Verso l'ultima mezz'ora la partita non si è certo afflosciata, ma per molti il pallone pesava forse qualche chilogrammo. Poteva anche scapparci il ferito grave, o qualche incidente fatale ad ossa tanto preziose: evidentemente c'è un qualche santo anche per i calciatori. E' il santo che oggi Rocco ringrazia per questi tre gol, indispensabile bottino in vista del ritorno in Argentina, dove non solo farà caldo, ma sarà necessaria una benedizione prima di scendere in campo. 

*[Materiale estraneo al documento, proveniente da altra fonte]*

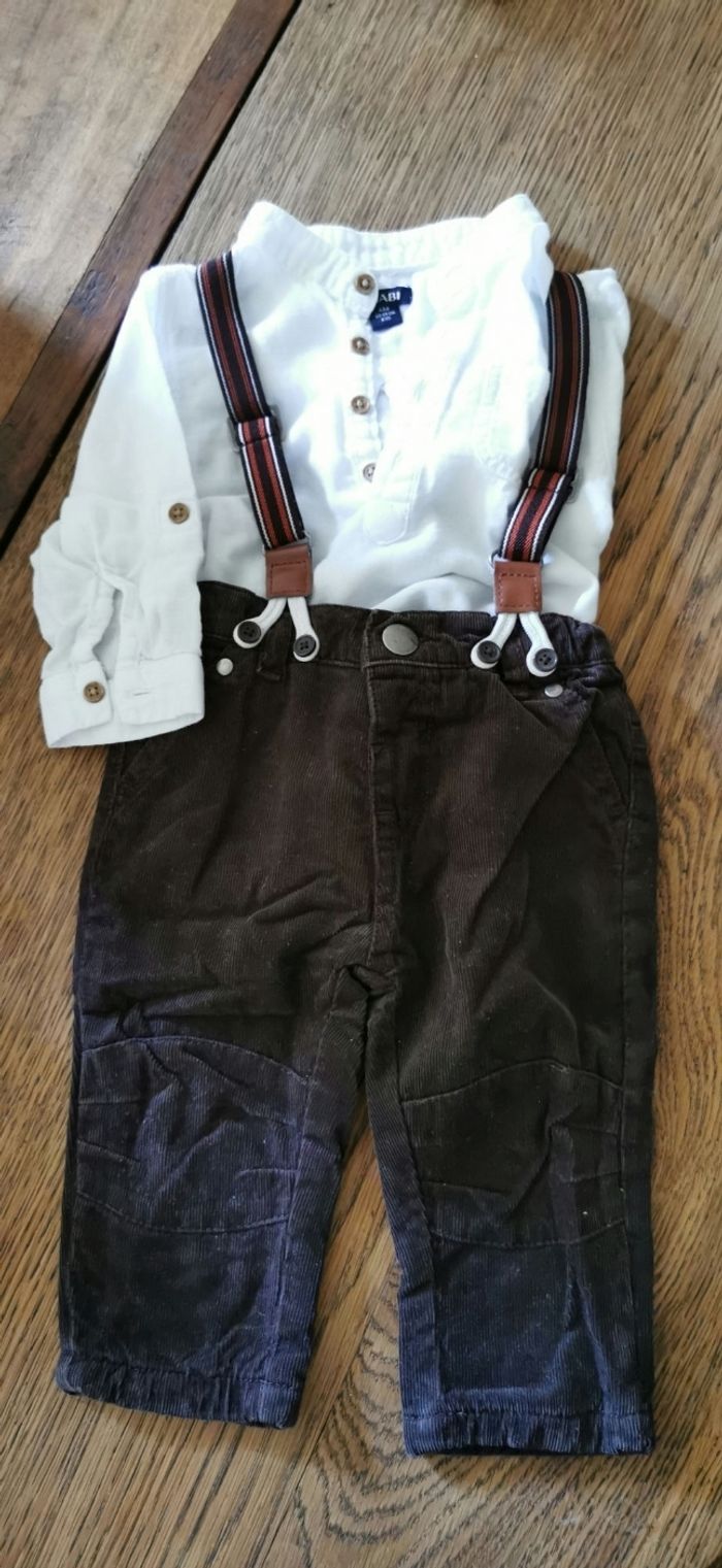 Ensemble kiabi garçon 6 mois Chemise manches longues et pantalon avec bretelles Très bon état
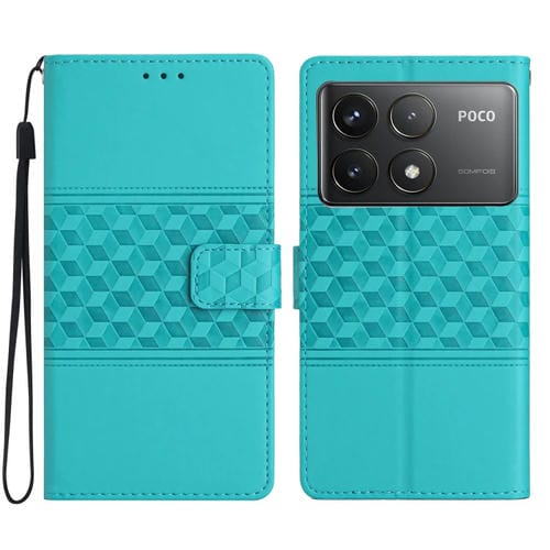 Funda de Piel con Efecto Piel En Relieve de Diamante para Xiaomi Poco F6 Pro (Azul)
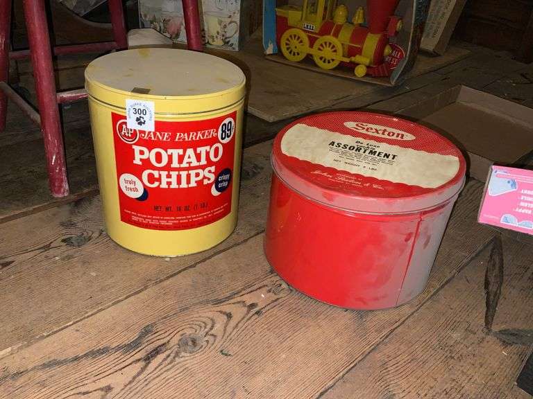 LOT 300 - Jane Barker Potato Chip Tin & Sexton Cookie Tin
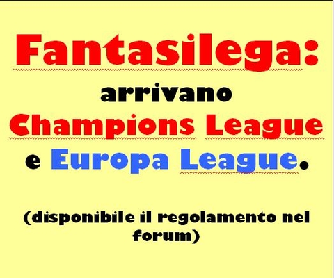 Nel forum troverete,oltre al tabellone play out con relative spiegazioni (inserite oggi anche per cio' che concerne il tabellone play off) il regolamento e lo svolgimento della nuova Champions League e della nuova Europa League,almeno per cio' che concerne la nostra lega.A domani per altri aggiornamenti.

Tra i tanti personaggi in tribuna c'era Vincenzo Torriani, organizzatore del Giro d'Italia. Con voce rauca urlava invocando espulsioni. I giornalisti argentini, con regolamentari sigari grossi mezzo metro e garofano all'occhiello, registravano impassibili: evidentemente conoscono questi Estudiantes e non si stupiscono più. Anche noi non dovremmo stupirci troppo: in Messico, ai Mondiali, volerà più di uno stinco. Tanto vale essere preparati. Il football ha anche questi aspetti durissimi: bisogna saperli affrontare con occhi gelidi e tibie di granito. 

"La Stampa", 9 ottobre 1969, p. 18.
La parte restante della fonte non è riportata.